In fact, the profile is a whitelist that blocks access to all system calls by default, and then whitelists specific system calls.

Seccomp helps to run the Docker container with minimal privileges. Changing the default seccomp profile is not recommended.

If the container is not overridden with the-- security-opt option when running the container, the default configuration is used. For example, the following explicitly specifies a policy:

$docker run-rm\

-it\

-- security-opt seccomp=/path/to/seccomp/profile.json\

Hello-seccomp thank you for reading, the above is the content of "example Analysis of Docker Security support". After the study of this article, I believe you have a deeper understanding of Docker security support example analysis of this problem, and the specific use needs to be verified in practice. Here is, the editor will push for you more related knowledge points of the article, welcome to follow!
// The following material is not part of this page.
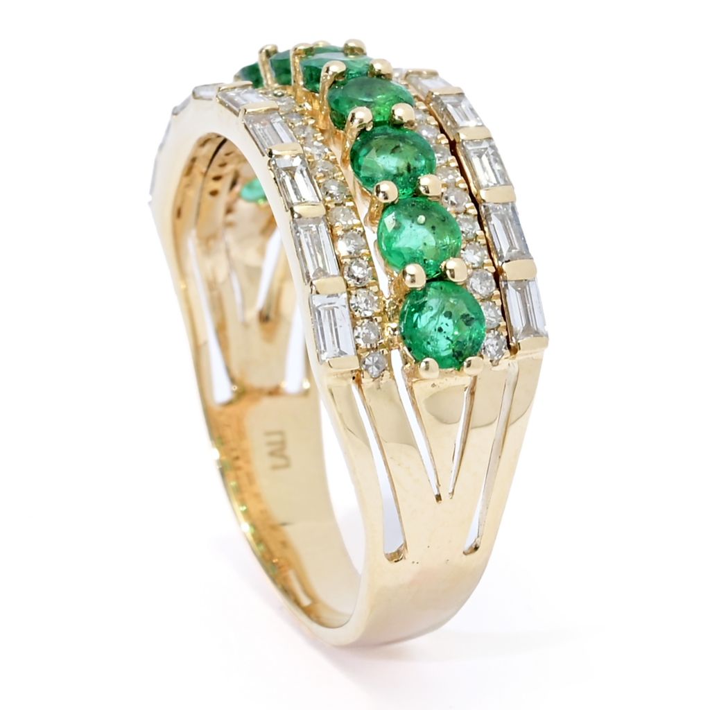 LALI Jewels 14K Gold Polished 1.74ctw Emerald & Diamond Ring, 4.1 grams
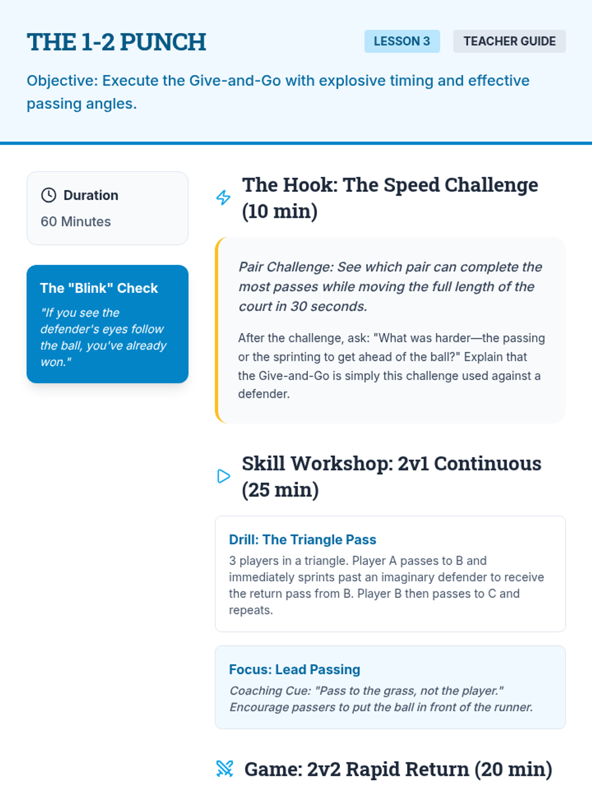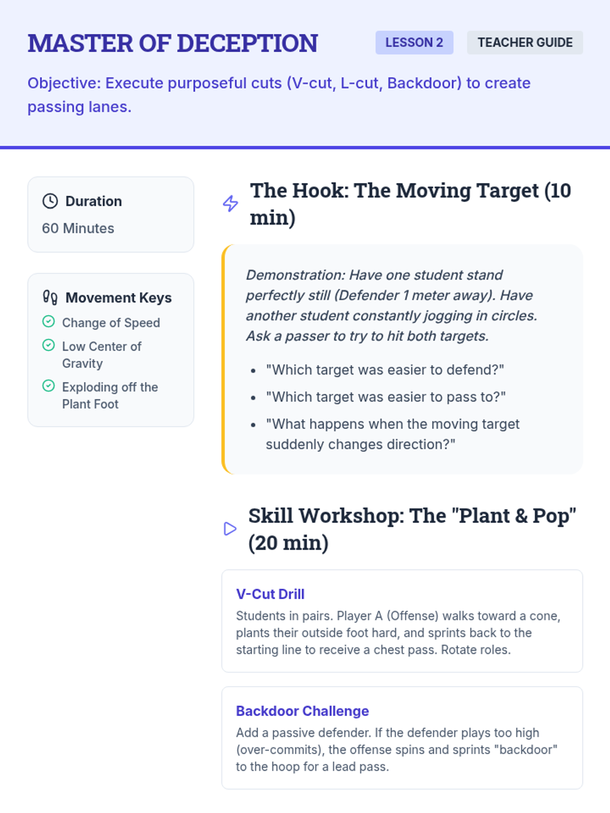A comprehensive sequence for 7th-grade students focusing on offensive movement, spatial awareness, and tactical collaboration in invasion games. Students transition from chaotic 'bunching' to sophisticated team plays including cuts, screens, and give-and-go movements.

Welcome to subscribe "Shulou Technology Information " to get latest news, interesting things and hot topics in the IT industry, and controls the hottest and latest Internet news, technology news and IT industry trends.

*The comments in the above article only represent the author's personal views and do not represent the views and positions of this website. If you have more insights, please feel free to contribute and share.